Xeloda, or capecitabine, developed by Roche, of Basel, Switzerland, is claimed as the first oral chemotherapy for the condition.
The European Commission granted marketing approval for the drug after studying the results of two Phase III trials which involved more than 1,200 patients worldwide.
Professor Jim Cassidy, Professor of Oncology at the Aberdeen Royal Infirmary, Scotland, UK, said, "Xeloda represents a significant step forward in the treatment of patients with metastatic colorectal cancer, one of the harshest and most debilitating forms of cancer.

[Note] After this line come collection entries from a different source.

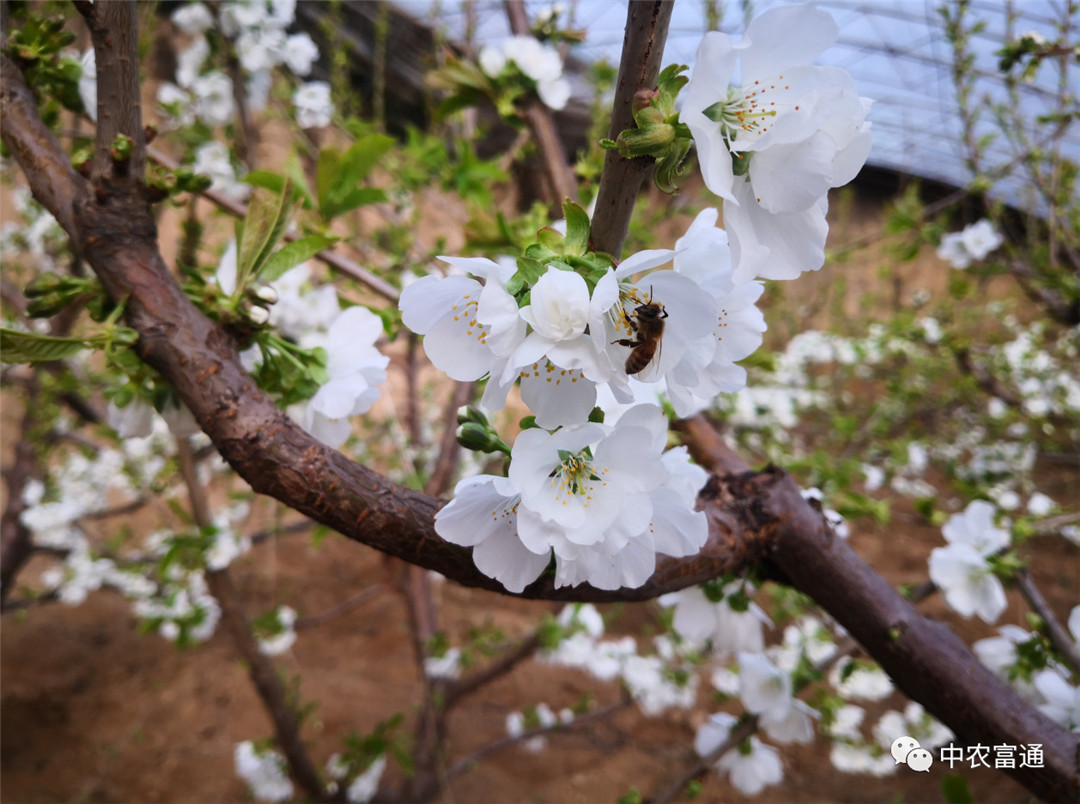 ▼近日,保德縣繁莊塔高新農(nóng)業(yè)科技示范園春意盎然,一簇簇雪白的櫻桃花攀上枝頭,授粉的蜜蜂在朵朵白花間舞動(dòng)。利用設(shè)施保護(hù)地進(jìn)行櫻桃栽培不僅能克服自然條件帶來的危害,而且還能進(jìn)行促成栽培使櫻桃提早上市,提高櫻桃品質(zhì),達(dá)到增收增產(chǎn)的效益。我國(guó)北方地區(qū)發(fā)展櫻桃的設(shè)施栽培對(duì)緩解水果的供應(yīng)淡季、提高經(jīng)濟(jì)效益具有顯著效果。另外還有賞花的效果。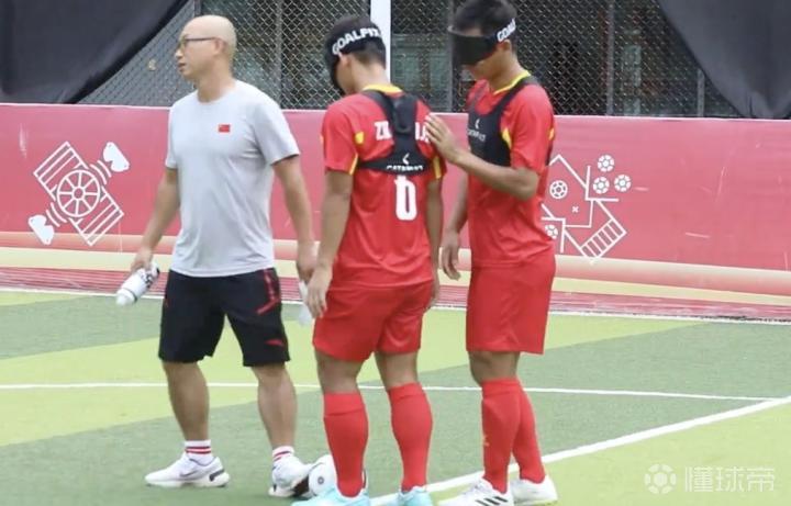 中国盲人足球队守门员吴利民是健全人。记者看到,适应性训练结束后,吴利民站在最前面,俞裕锬等队员依次将手臂搭在前一队员的肩上,离开了比赛场地。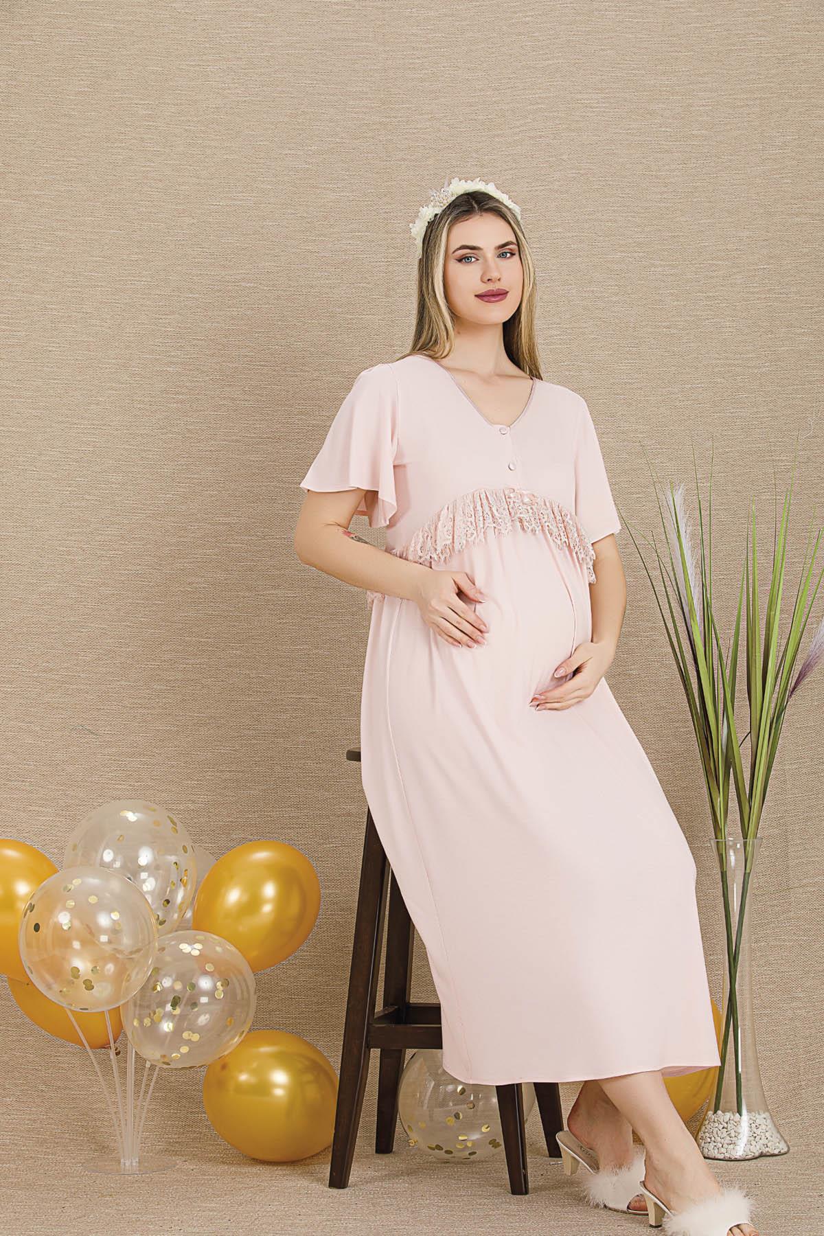 Kadın Uzunkol Hamile Lohusa Gecelik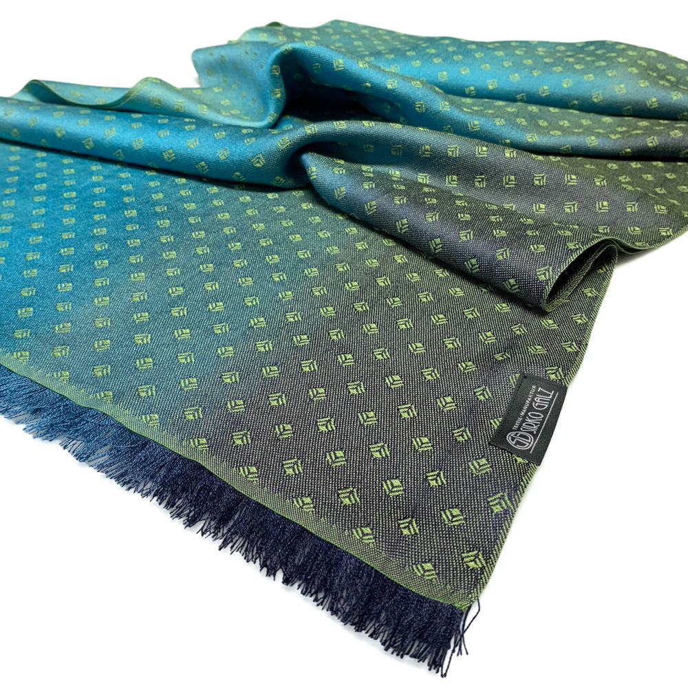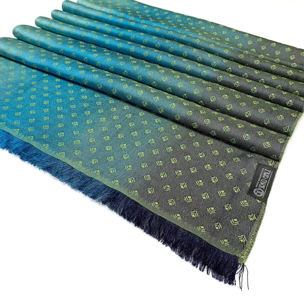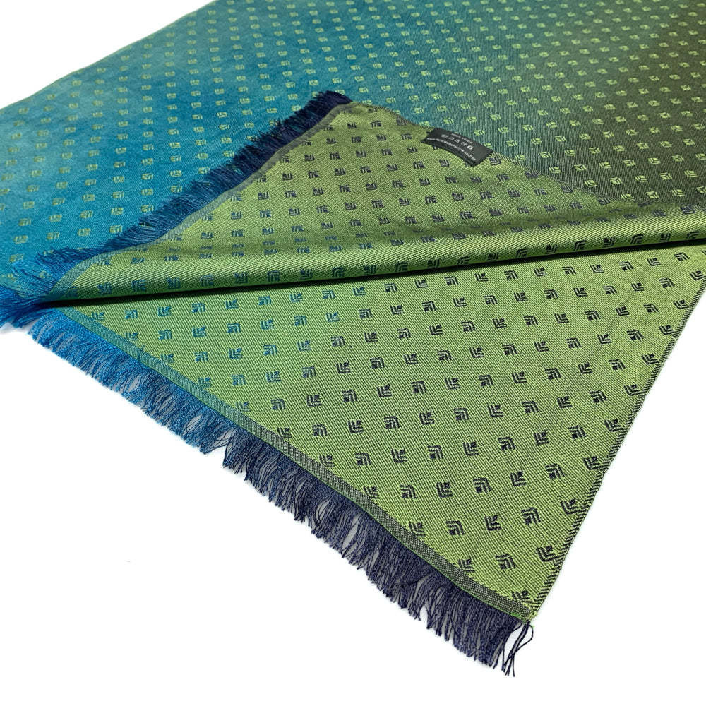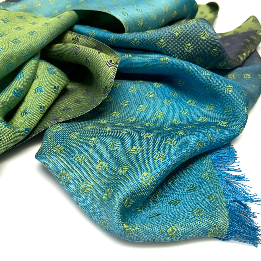 Die Seidenschal-Serie Estrella ist inspiriert von den frischen Frühlingsfarben des Bausternchens. Die Kette hat einen Farbverlauf von einem hellen Alpenblau über Pfauenblau und Cobaltblau hin zu einem dunklen Marineblau. Darauf erscheint unser Jacquardmuster Art Déco in einem hellen Avocadogrün.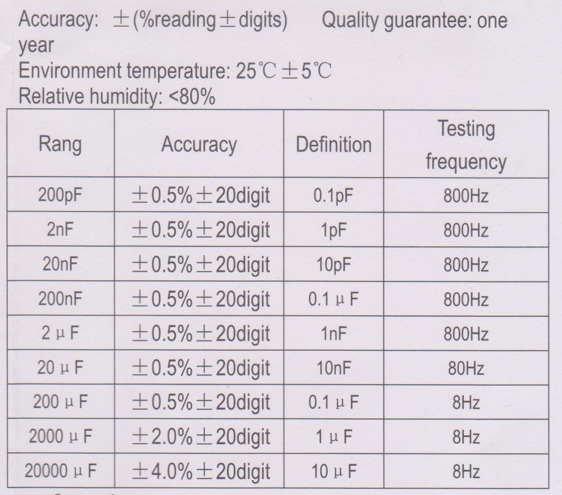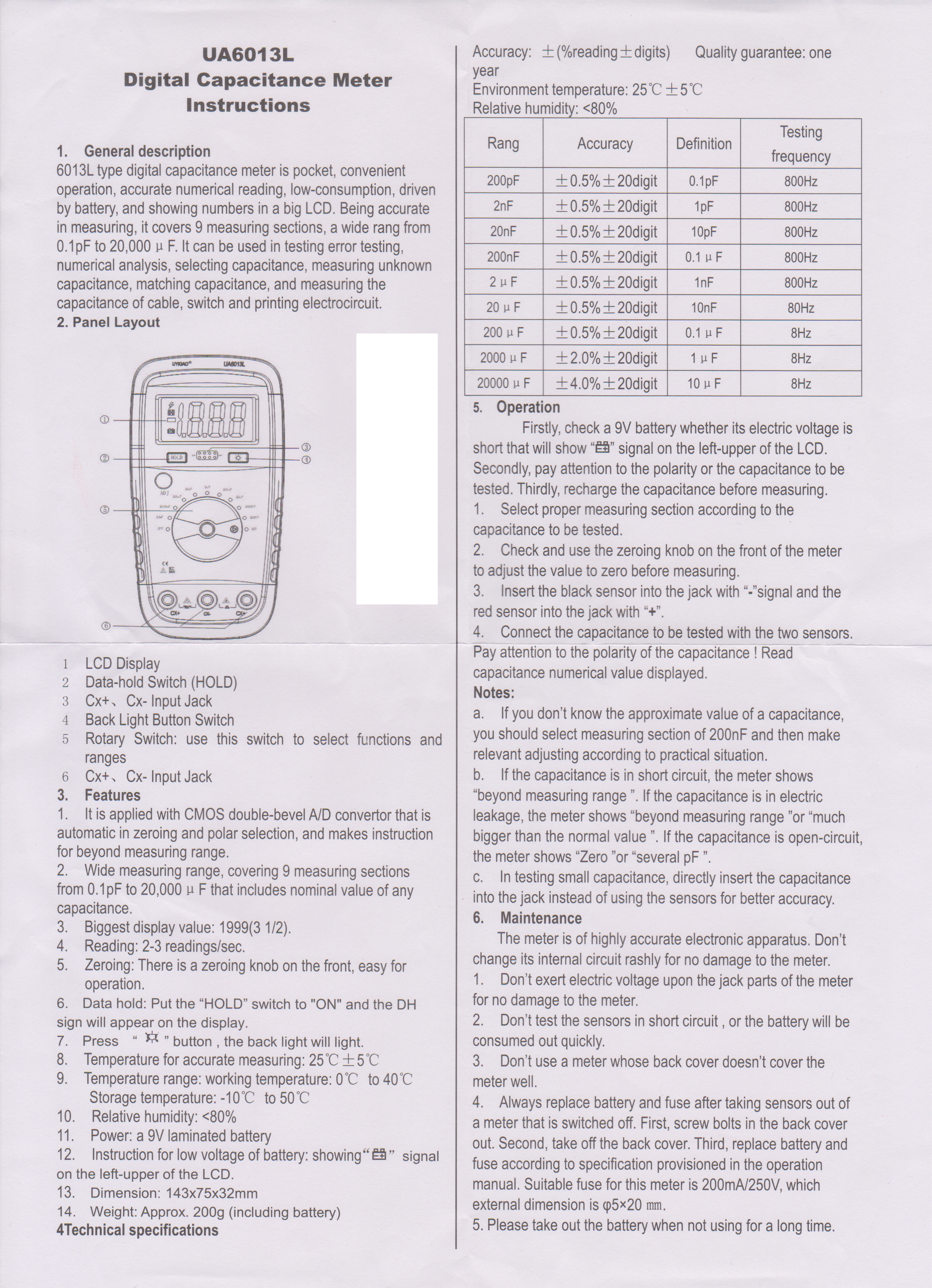 0.1pF에서 20,000uF까지 광범위한 9 개의 측정 섹션이 있다.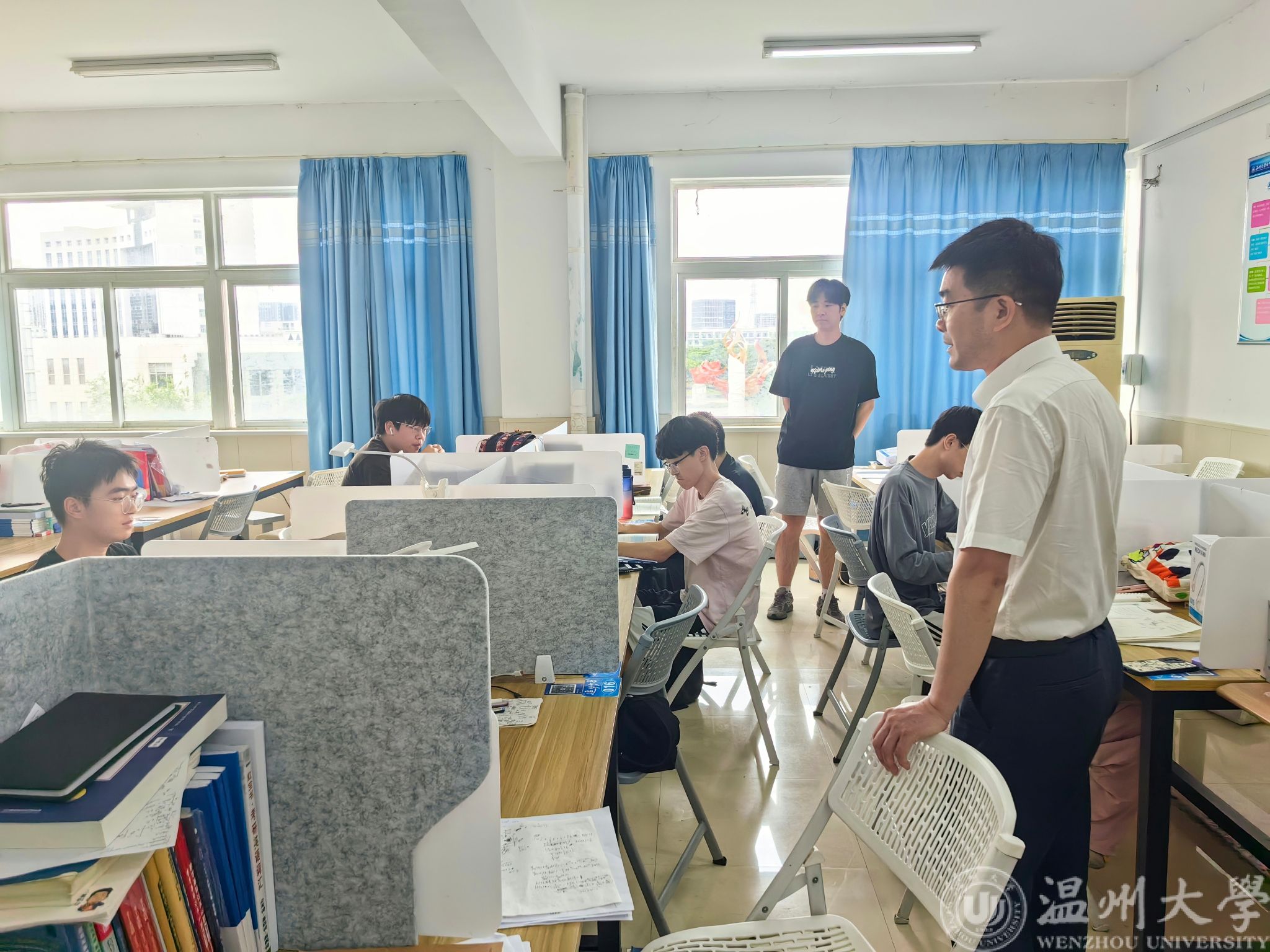 七月盛夏,正值考研备战的关键时期。为了解暑期留校备考研究生考试以及国家电网、公务员招聘考试学生的思想学习生活情况,激励学子把握暑期备考黄金时期,增强迎考信心,7月15日下午14:00,学院党委副书记王中对、学工办辅导员陈海彤、余明新走进学院316和318考研自习室,对留校备考的学子进行慰问。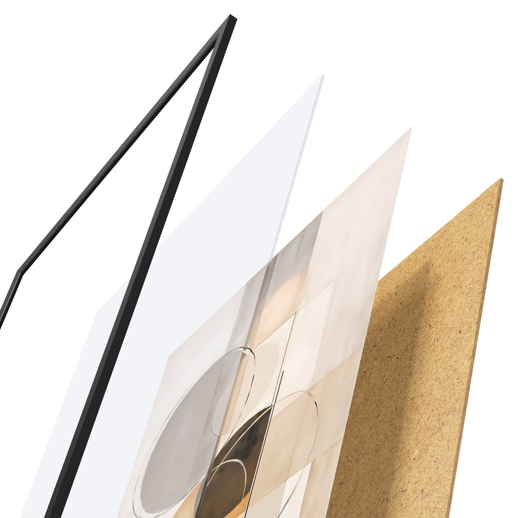 De poster bestaat uit een frame, plexiglas, geprinte afbeelding en spaanplaat achterkant. De poster kan meteen aan de muur worden gehangen dankzij de bevestigingen op de achterkant.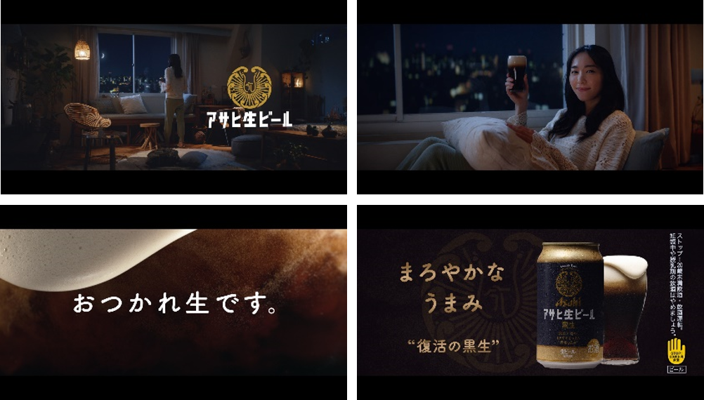「黒生でおつかれ生です」篇は、自宅でリラックスした時間を過ごす新垣さんが窓から月を眺めているシーンから始まります。行きつけのバーのカウンターでビールを飲んでいる時を思い出しながら、ビールをグラスに注いだ新垣さんが「今日の自分に、おつかれ生です」と語りかけ、ビールを飲む様子を描いています。CMの最後に“まろやかなうまみ”という味わいの特長を訴求するとともに、新垣さんのホッと落ち着いた表情を通じて“ぬくもりのある世界観”を演出しています。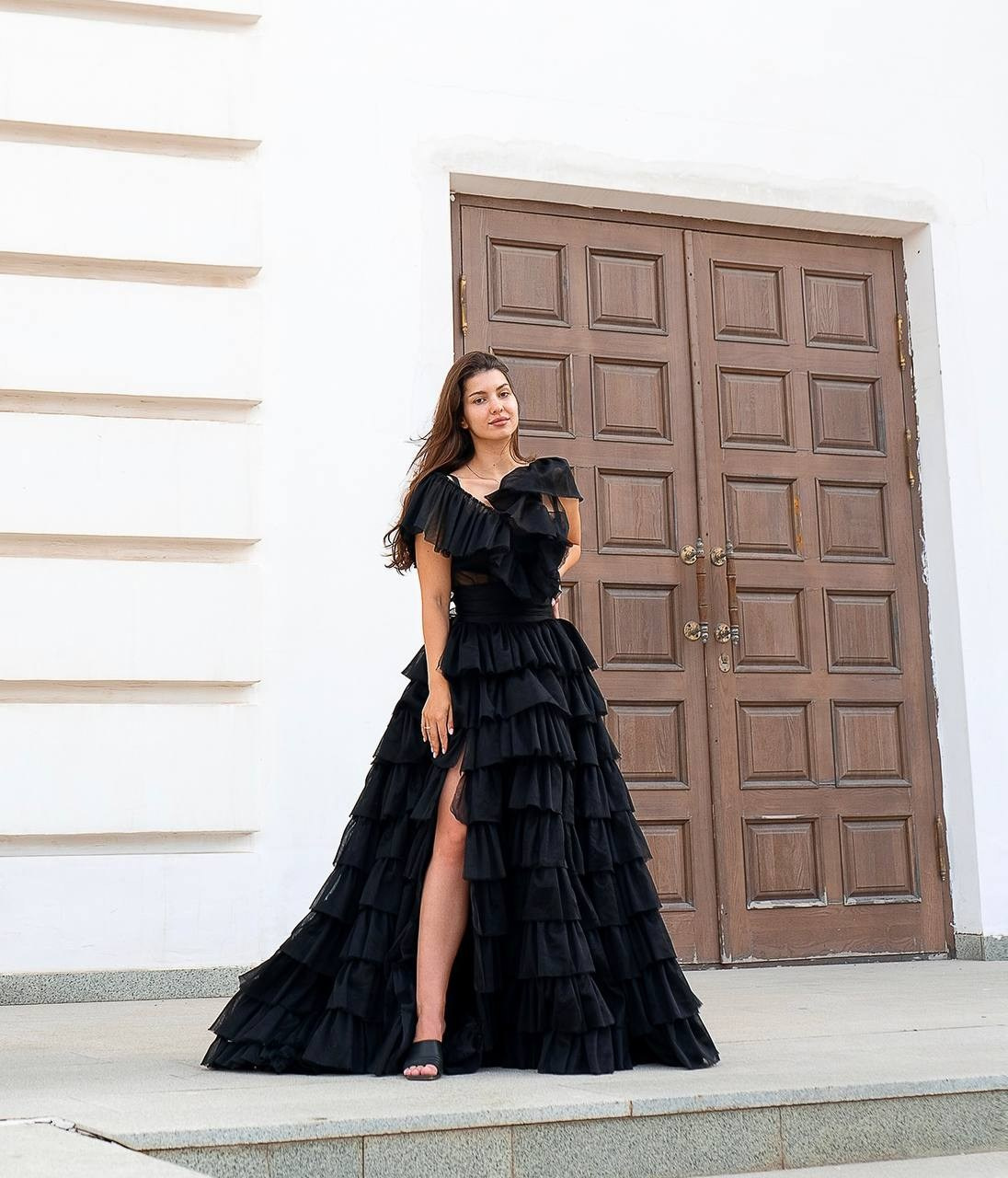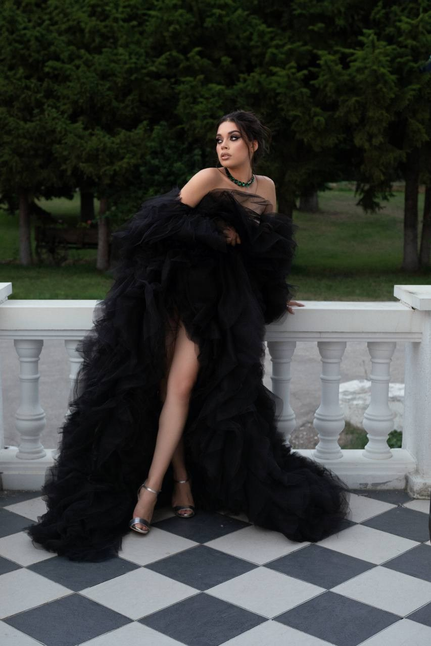 Платье с длинным шлейфом в шоколадном цвете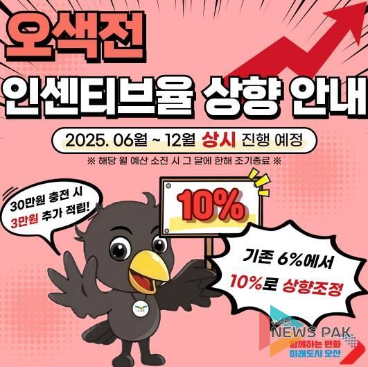 뉴스팍 이소율 기자 | 오산시가 시민이 체감할 수 있는 지역경제 정책을 본격 추진한다. 오는 6월부터 지역화폐 ‘오색전’의 상시 인센티브율을 기존 6%에서 10%로 확대하고, 월 충전 한도 또한 조정해 더 많은 시민이 실질적인 혜택을 누릴 수 있도록 개편에 나선다.

"Xeloda was much kinder to patients with substantially fewer complications such as mouth ulcers, diarrhoea, and severe infections compared to standard IV bolus 5-FU/LV.
"In addition, as Xeloda is given as tablets, it reduces the number of times patients need to attend hospital in comparison to IV therapy, allowing patients more time with their family at home."
|Patients experiencing tumour shrinkage after treatment:|
IV bolus 5-FU/LV: 17%
In the trials 26% of patients on Xeloda experienced tumour shrinkage, compared with 17% of those receiving the standard treatment, intravenous bolus of 5-FU/LV.
The drug has already been approved for use in Canada, Australia, and Switzerland.